Do outro lado do país, no estado da Bahia, a cacica Valdelice Tupinambá relatou a dificuldade que seu povo enfrenta, desde o começo da pandemia de Covid-19, para receber assistência médica da equipe da Sesai. “Logo que começou a pandemia, os carros da Sesai estavam sem combustível para pegar as pessoas em situação mais grave e levar até os hospitais. Algumas comunidades são muito distantes [da cidade]”, afirmou a cacica.
O estado do Maranhão também vive um momento tenso neste começo de ano: além da Covid-19, circula entre as aldeias o vírus da gripe. De acordo com Gilderlan Rodrigues, coordenador do Cimi Regional Maranhão, os indígenas estão denunciando a omissão do Distrito Sanitário Especial Indígena (DSEI) local. Os DSEIs são unidades vinculadas à Sesai e responsáveis por efetivar a atenção à saúde indígena nas regiões.

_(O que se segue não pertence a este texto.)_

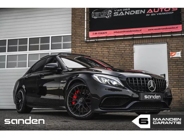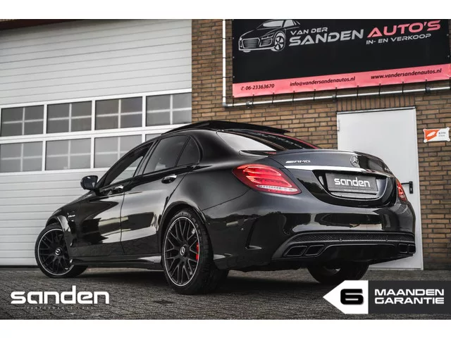 Prachtige volle Mercedes C63s|Panorama|Head-Up|360 camera|Elek.stoelen+Memory|AdaptiveCruise|Burmester|Perf.uitlaat|Stoelverw.|LED. Mercedes C-klasse AMG C63s 511pk|Pano|HUD|360cam|Memory|ACC. Merk: Mercedes; Model: C-klasse; Tellerstand: 83650 KM; Carrosserievorm: Sedan; Aantal deuren: 4; Brandstofsoort: Benzine; Bouwjaar: 2018; Transmissie: Automaat; Kleur: zwart Metallic; Bekleding: Leder; Kleur interieur: zwart; Interieurnaam: Zwart/wit leder; Motorinhoud: 3982 cc; Aantal cilinders: 8; Vermogen: 375 kW / 511pk; Ledig gewicht: 1655 kg; Aantal zitplaatsen: 5; Verbruik: 10.7 l/100 km; BTW/Marge: Marge, de BTW is niet aftrekbaar; Aantal sleutels: 2; Onderhoudshistorie aanwezig: Ja; Velgmaat: 19 inch. Pakket: Rijassistentiepakket. Bots herkenning en activatie; Cruise control adaptief met Stop&Go en stuurhulp; Dodehoekdetectie met correctie; Kruisend verkeer detectie; Rijstrooksensor met correctie; Uitwijk assistent. Comfort. Cruise control; Regensensor. Exterieur. 19” AMG velgen...

“Muitas pessoas estão gripadas, o DSEI parou a testagem para Covid-19 dentro dos territórios indígenas. As pessoas estão sem saber se estão com coronavírus ou se estão apenas gripadas. Elas têm nos comunicando um pouco dessa situação que estão vivendo”, disse o coordenador.
Ao falar sobre esse contexto, Gilderlan expressou a sua preocupação diante do descaso do DSEI Maranhão com os povos indígenas. “Não há mais uma continuidade do trabalho de diagnóstico do DSEI em relação aos indígenas em toda a região. É uma atitude que demonstra falta de preocupação, como se não houvesse mais pandemia. Embora sabemos que há terras indígenas, como a TI Rio Pindaré, em que ainda existem muitos casos de Covid-19. Infelizmente, há uma naturalização da disseminação do coronavírus dentro dos territórios. Não existe mais barreiras sanitárias nem execução de testes. As medidas de precaução não são mais tomadas”.
Em entrevista ao Cimi, Ana Lúcia Pontes, médica sanitarista, pesquisadora da Fiocruz e coordenadora do Grupo de Trabalho (GT) de Saúde Indígena da Associação Brasileira de Saúde Coletiva (Abrasco), explicou que a falta de testes é um “problema estrutural da resposta da Covid-19 como um todo do governo brasileiro”. “Não é só um problema relacionado aos povos indígenas. A testagem foi muito baixa em todo o país, inclusive para a população indígena. A distribuição de testes rápidos, tanto sorológicos quanto antígenos, foi baixa e a realização de RT-PCR também foi difícil pela logística”.
“A gente sempre soube que havia esse problema da resposta, que parece que não foi equacionado com os dados disponíveis. Isso faz com que a gente tenha uma fragilidade na vigilância, que tem a ver com esse mecanismo de você detectar rapidamente casos suspeitos e isolar rapidamente os casos confirmados. Com certeza é algo que prejudica o controle e o bloqueio da pandemia”, finalizou.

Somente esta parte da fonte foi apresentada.